6) 12 jumps. The hole is 14.5 feet deep. Each jump gains 2 feet net (jumps 3, slides back 1). After 11 jumps, he is at 22 feet? No, after n jumps, he is at 2n feet. After 11 jumps, he is at 22 feet? But the hole is only 14.5 feet, so he would be out before 11 jumps. Let's think: after first jump, he is at 3 feet, then slides to 2 feet. After second jump, from 2 to 5, slides to 4. After third, to 7, slides to 6. After fourth, to 9, slides to 8. After fifth, to 11, slides to 10. After sixth, to 13, slides to 12. After seventh, he jumps from 12 to 15, which is above 14.5, so he gets out without sliding back. So 7 jumps. Let me verify: start at 0. Jump 1: to 3, slide to 2. Jump 2: to 5, slide to 4. Jump 3: to 7, slide to 6. Jump 4: to 9, slide to 8. Jump 5: to 11, slide to 10. Jump 6: to 13, slide to 12. Jump 7: to 15, which is greater than 14.5, so he escapes. So 7 jumps.

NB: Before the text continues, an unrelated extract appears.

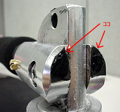 ココにもゴム板を接着。この部分はスティックを立てたときの隙間が非常に狭く0.5mm厚では厚すぎて接触面全面に張ることは出来ませんでした。0,1mm〜0,2mm程度の厚さのゴムを調達しないと無理ですね。今後の課題です。 |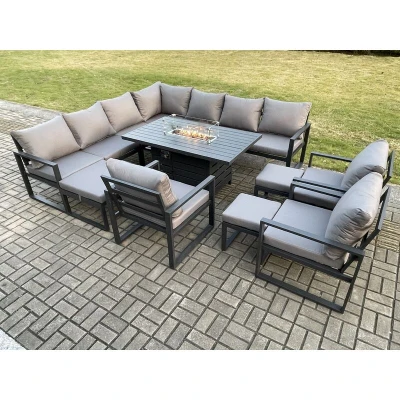 Aluminium Lounge Corner Sofa Outdoor Garden Furniture Sets Gas Fire Pit Dining Table Set with 3 Chairs Footstools Dark Grey Fimous

7) Let B be boy's current age, S sister's, F father's. B = 2S, B = F/2, so F = 2B = 4S. In 50 years, sister will be S+50, father will be F+50 = 4S+50. Given that S+50 = (1/2)(4S+50). So S+50 = 2S + 25. Then 50 - 25 = 2S - S, so S=25. Then B=2S=50. So the boy is 50 years old now.
8) Both have two faces (sides).
9) The letter 'e'. It appears once in "minute", twice in "week", and once in "year".
Parent Tip: Review the logic above to help your child master the concept of 3rd grade brain teasers worksheet.